If you ask someone what their favorite book is, they usually have a passionate explanation for it. “The main character is just like me”; “It’s just so heartbreaking”; “It made me laugh until I cried”; and so on. No one holds up a copy of something that changed their life and says “I dunno, it looked really cool.” This emotional core is something that comics sometimes find themselves lacking, but a few writers and artists have mastered the art of really getting to their readers, and Jeff Lemire is first among them.
Lemire kicked off his career with LOST DOGS, a 24-hour comic-turned-graphic-novel with the assistance of a Xeric grant. It’s messy, but it’s got a lot of heart in its black-white-red story of a lumbering oaf just wanting to help. It’s a book that gets by a lot on its atmosphere, and the messy inks Lemire employs.
For his second project, rather than try to go the superhero route, or a book where magic is law, or some other high concept project, Lemire turned his eye to his beloved home county in the Great White North itself, and decided to tell the story of a county full of average Canadian people. The ESSEX COUNTY trilogy is one of the most heartbreaking and simultaneously uplifting books I could possibly recommend. It’s the Spoon River Anthology by way of Slap Shot, with lots of hockey, kids and adults who dream of escape, and people who are just doing the best they can to get by. It’s Steinbeckian, and it’s huge, without losing a sense of intimacy into what these people want–and how rarely they will get it.
2009 was a banner year for Lemire: it finally saw the publication of ESSEX COUNTY (which went on to be named one of the Essential Canadian Novels of the Decade); the publication of THE NOBODY, his retelling of The Invisible Man; and the beginning of his first creator-owned series, SWEET TOOTH. Sweet Tooth tells the story of Gus, a young boy with deer antlers and an incredible taste for chocolate. It went on for several years, and turned villains into begrudging heroes, gave fathers to wayward children, and told the secret history of the world. All this in a world where Mad Max could have been the guy who killed Bambi’s dad.
Since 2012, Lemire’s work has been mostly at Vertigo and DC. He launched some of the best New 52 titles during the company-wide relaunch in 2011, including ANIMAL MAN, JUSTICE LEAGUE DARK, and FRANKENSTEIN: AGENT OF S.H.A.D.E. For a man who’s able to move around in so many genres, the quality of his books never suffers from title-to-title, because he’s a master of the emotional core of a book. Animal Man is about a superhero protecting his daughter while she grows up too fast; Frankenstein is about a man making amends with his friends and his estranged wife in order to face their future. Add into this a standalone graphic novel, THE UNDERWATER WELDER, that reads like a lost Twilight Zone episode, and you’ve got a winning combo.

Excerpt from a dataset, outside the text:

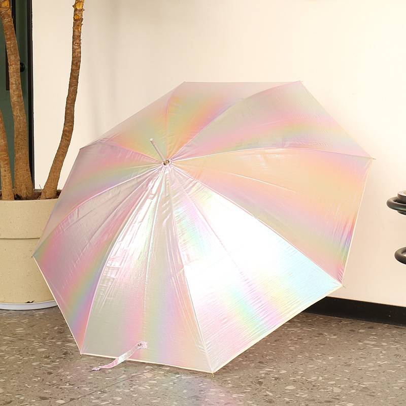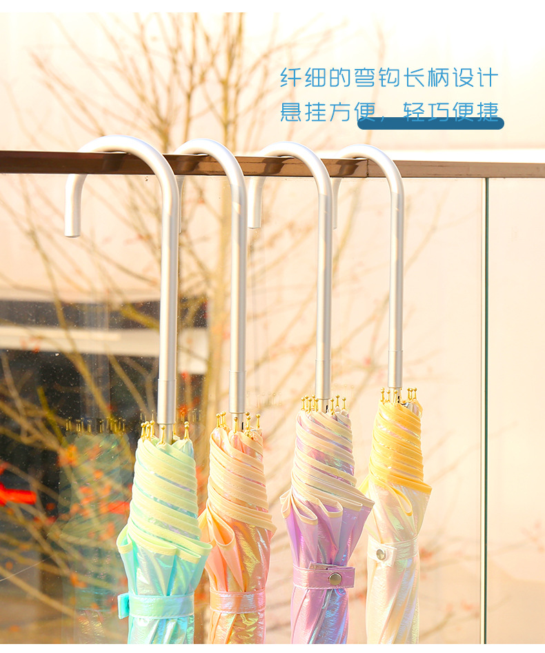 새로운 긴 손잡이 우산 여성 이중 사용 8 본 매뉴얼에 높은 모양의 오로라 매직 컬러 스트레이트 로드 단색 태양 우산

Most recently, Lemire returned to the drawing board for a longer form experiment, writing and drawing TRILLIUM, a ten-issue series about a WWI soldier recently returned from the war falling in love with a 30th century scientist. They both help each other heal and they get in plenty of spacetime continuum fights. Add into this his radical experimentation with form, making a House-of-Leaves-like experience out of reading a comic, and it’s just this side of genius.
Lemire is one to watch out for, still. After his exclusive agreement with DC expired last year, he was quick to jump onto THE VALIANT (available at our fine store–issue 4 coming soon!), and BLOODSHOT REBORN from Valiant. This week we’ve got ALL-NEW HAWKEYE (miraculously out before the finale of Regular old Hawkeye!) as well as writing a brand new series called DESCENDER, about a young boy robot illustrated by Dustin Nguyen. We thinks it’s going to be a visual delight as well as an emotionally satisfying read.